しかし、それも普段であればの話だ。表情には怒気がうかべ、肩で息をしている。余裕がない。射抜くような視線は敵意を感じさせる。こいつは俺の敵だ。俺が国に飼われていた豚だとすれば、コイツは犬だ。
「罪だと。ふざけるな。俺は誰も殺していない。証拠だってある」
はっ。犬がさげすむように笑う。檻で暴れる動物を見て哀れむ視線だ。その檻は君には壊せないんだよ。とでも言うように続けた。

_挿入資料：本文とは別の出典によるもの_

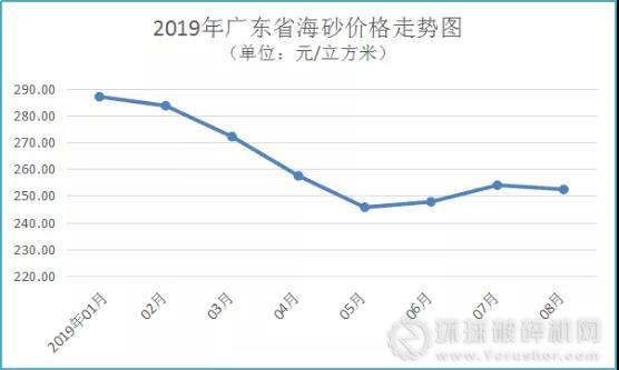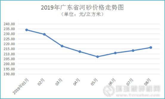 廣東省河砂價(jià)格連續(xù)3個(gè)月上漲,8月均價(jià)216元/方
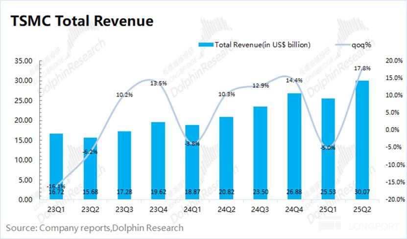 $台积电(TSM.US) 于北京时间 2025 年 7 月 17 日下午的美股盘前发布了 2025 年第二季度财报(截止 2025 年 6 月),要点如下:
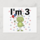 An adorable 3rd birthday design on 3rd birthday T-shirts, cards, stickers, magnets, tote bags, and more featuring a green frog with birthday balloons and text that reads "I'm 3".
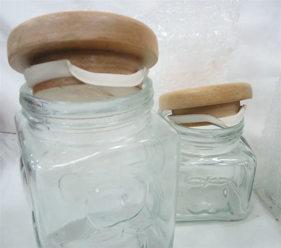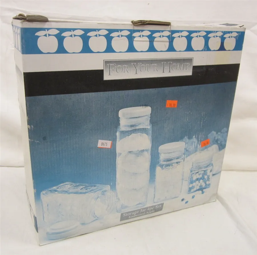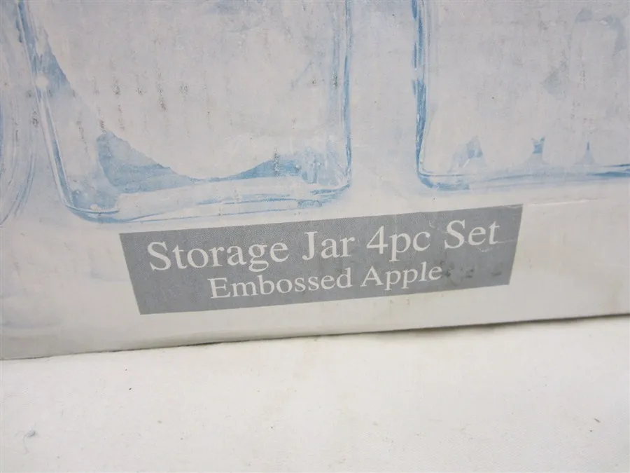 SET FOUR EMBOSSED APPLE GLASS CANISTERS

「無罪の証明がなんだ。お前になにができる。いいか。お前は出された餌を食うことしかできない家畜だ。それに比べてこっちは屠殺の専門家だ。貴様等の小細工なんぞが通用する相手ではない」
「そう言う割には息が荒いぜ。プロが専門分野でずいぶん苦戦しているじゃないか」
男は苦虫を噛み潰した表情。青白い額には血管まで浮き出るようだ。
「豚は黙ってろ! 苦戦してるのは貴様にではない。そこの、豚を盗み食いしようとしている薄汚い狼にだ。コイツが誰だか知っているのか?」
「犬が血管浮き立たせて興奮しているところを見ると、国家権力者ではないらしいな。誰だろうが関係ない。敵の敵は味方。そんな簡単な話ではないだろうが、このままお前に捕まるよりはましだ」
ちらり、と協力者の顔を見る。コイツはまだ部外者だ。表情に余裕がある。いざとなれば俺の事を易々と切り捨てていくだろう。

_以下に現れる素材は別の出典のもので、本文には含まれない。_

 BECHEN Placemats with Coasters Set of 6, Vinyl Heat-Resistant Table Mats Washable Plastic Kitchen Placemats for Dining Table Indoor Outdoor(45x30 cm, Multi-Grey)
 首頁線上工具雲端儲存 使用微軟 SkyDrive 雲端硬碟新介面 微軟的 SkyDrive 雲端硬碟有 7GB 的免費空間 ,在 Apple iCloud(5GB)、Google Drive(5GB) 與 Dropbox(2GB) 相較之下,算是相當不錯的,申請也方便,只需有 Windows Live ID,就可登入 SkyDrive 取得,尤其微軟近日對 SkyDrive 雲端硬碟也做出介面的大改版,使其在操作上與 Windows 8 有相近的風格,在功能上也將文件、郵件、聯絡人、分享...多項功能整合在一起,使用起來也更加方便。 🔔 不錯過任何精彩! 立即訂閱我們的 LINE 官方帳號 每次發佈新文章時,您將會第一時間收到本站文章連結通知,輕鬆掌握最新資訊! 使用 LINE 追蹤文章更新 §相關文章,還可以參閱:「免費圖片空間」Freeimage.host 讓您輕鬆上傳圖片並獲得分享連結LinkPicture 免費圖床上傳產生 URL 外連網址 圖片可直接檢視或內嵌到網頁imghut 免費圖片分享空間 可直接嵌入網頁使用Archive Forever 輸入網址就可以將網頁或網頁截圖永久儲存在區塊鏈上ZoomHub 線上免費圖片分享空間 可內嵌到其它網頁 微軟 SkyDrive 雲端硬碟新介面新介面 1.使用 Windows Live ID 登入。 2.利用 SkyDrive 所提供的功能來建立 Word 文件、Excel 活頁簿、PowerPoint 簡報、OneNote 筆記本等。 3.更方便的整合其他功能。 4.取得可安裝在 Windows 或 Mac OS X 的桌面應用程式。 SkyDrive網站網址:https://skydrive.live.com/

「そいつらは非国民だ。国家が治める恒久平和の世を乱す蛮族。正義にたてつき、利己的な理由で破壊行為を繰り返す無法者。時に仲間の命さえ爆発させるテロリストだ!」
動揺が表情に出ないように苦心する。こいつ、テロリストだったのか。ニュースで何度もみかけた。過激派の恐ろしい団体。
だが、だからどうした。だからどうする。